In mass tort bankruptcies, fighting like heck can sometimes work well, especially when done intelligently with few budget limits and an end game in mind. W.R. Grace did that as part of an almost ended 11 year journey through Chapter 11. This article from the Deal nicely traces in general terms the financial outcome side of the story for W.R. Grace.

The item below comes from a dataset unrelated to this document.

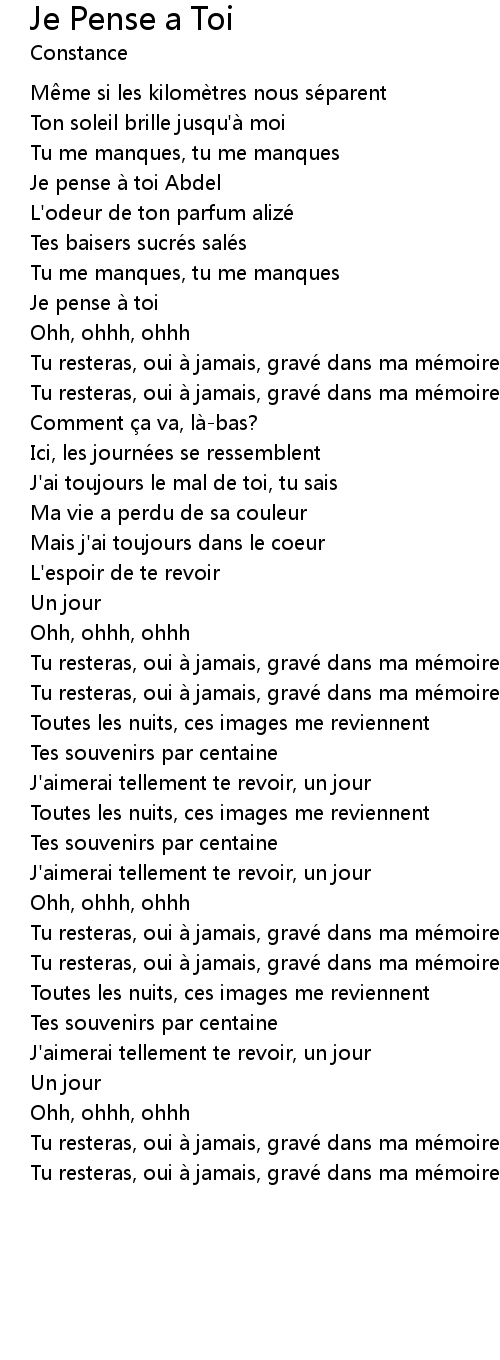 | Song | Je Pense a Toi |

Not mentioned clearly enough in the article is the specific reality that Grace used Chapter 11 to ride out the asbestos litigation bulge of the late 1990s and early 2000s, and then fought like heck in the bankruptcy to prove that the bulge was just that – a temporary bulge. Specifically, as of the late 1990s and early 2000s, Madison County, Illinois was an out of control venue with hundreds of mesothelioma cancer cases filed and resolved each year. The cases were filed and processed from around the country under an asbestos docket that Randy Bono helped to accelerate, with the extreme pace of the docket controlled by Judge Byron. During Judge Byron’s reign, due process was trampled for defendants in Madison County, and the price of resolving a Madison County mesothelioma case spiraled up for many defendants, especially those who lacked good trial counsel (and that was many defendants because most insurers hated spending the money required to hire smart lawyers and/or to pay for the work that needed to be done for a successful defense.) And, others had false illusions they were not liable even though insulators plainly were entitled to significant compensation when they developed the awful mesothelioma tumor. Judge Byron finally exited in 2004 after the US Chamber of Commerce and media focused a spotlight on the scope and scale of the Madison County asbestos docket (see this 2006 report for key highlights and data),as well as campaign contributions to Illinois’ elected judiciary.

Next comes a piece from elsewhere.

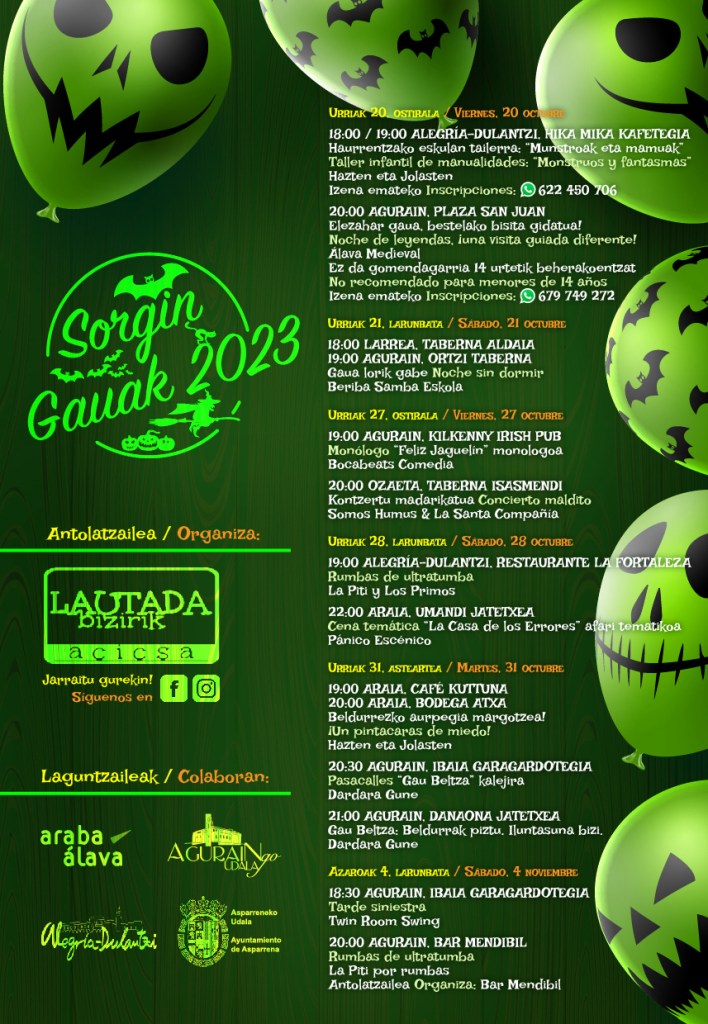 Este año, Sorgin Gauak promete una experiencia aún más emocionante con una amplia gama de actividades, desde talleres infantiles hasta conciertos malditos, pasacalles tenebrosos y mucho más. No es apto para corazones débiles. ¡Prepárate para vivir el terror en la Llanada Alavesa!

Meanwhile, cases involving the least sick became sometimes valuable because they were filed in massive numbers in a few jurisdictions. "In the year 2000 alone, twelve large companies reported that 520,000 new asbestos claims were filed against them," as reported in this December 2002 study by Michelle J. White of the National Bureau of Economic Research. As traced by Ms. White, tens of thousands of cases were being mass filed in Mississippi and West Virginia, and trial consolidations created value with verdicts.

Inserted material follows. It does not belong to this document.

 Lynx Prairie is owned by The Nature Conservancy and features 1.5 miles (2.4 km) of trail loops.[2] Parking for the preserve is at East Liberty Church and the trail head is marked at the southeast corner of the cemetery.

Values also rose because some (not all) insurers and defendants were doing a terrible job of resolving and defending cases, often because they refused to pay the real costs of coping with the massive growth of asbestos claiming, and resulting changes in the litigation dockets. And, some insurers refused to defend various defendants despite clear obligations to defend, leaving inexperienced lone defendants that sometimes made awful mistakes which hurt many or all other defendants. Indeed, some insurers and defendants panicked, and tried cases they should not have tried. Others paid hundreds of millions in settlements they should not have paid, mainly to people who were not sick under any typical use of the term. Ms. White’s paper provides a cogent explanation of some of the history of how mass filed cases became temporarily valuable during that era:
"A reverse bifurcated bouquet trial of 12 plaintiffs’ asbestos claims in Mississippi in 1998 resulted in phase one compensatory damage awards that totaled $48 million. When the judge threatened to send the issue of punitive damages to the same jury, the defendants settled the 12 cases, reportedly for the full amount of the damage awards. The judge then scheduled an additional 63 cases for trial before the same jury. Defendants lodged an emergency appeal with the Mississippi Supreme Court seeking to disqualify the judge for bias, but their appeal was denied. Defendants then settled all of the remaining 1,738 claims in the large group on extremely favorable terms for plaintiffs. In a bifurcated trial in West Virginia in 2002 that involved 4,000 plaintiffs from 35 states suing a single defendant, liability and a punitive damages multiplier were decided during phase one. After phase one, the judge instructed the parties to negotiate a settlement of all 4,000 claims…."
(Caveat/disclosure – I used to work as an outside counsel for Grace.)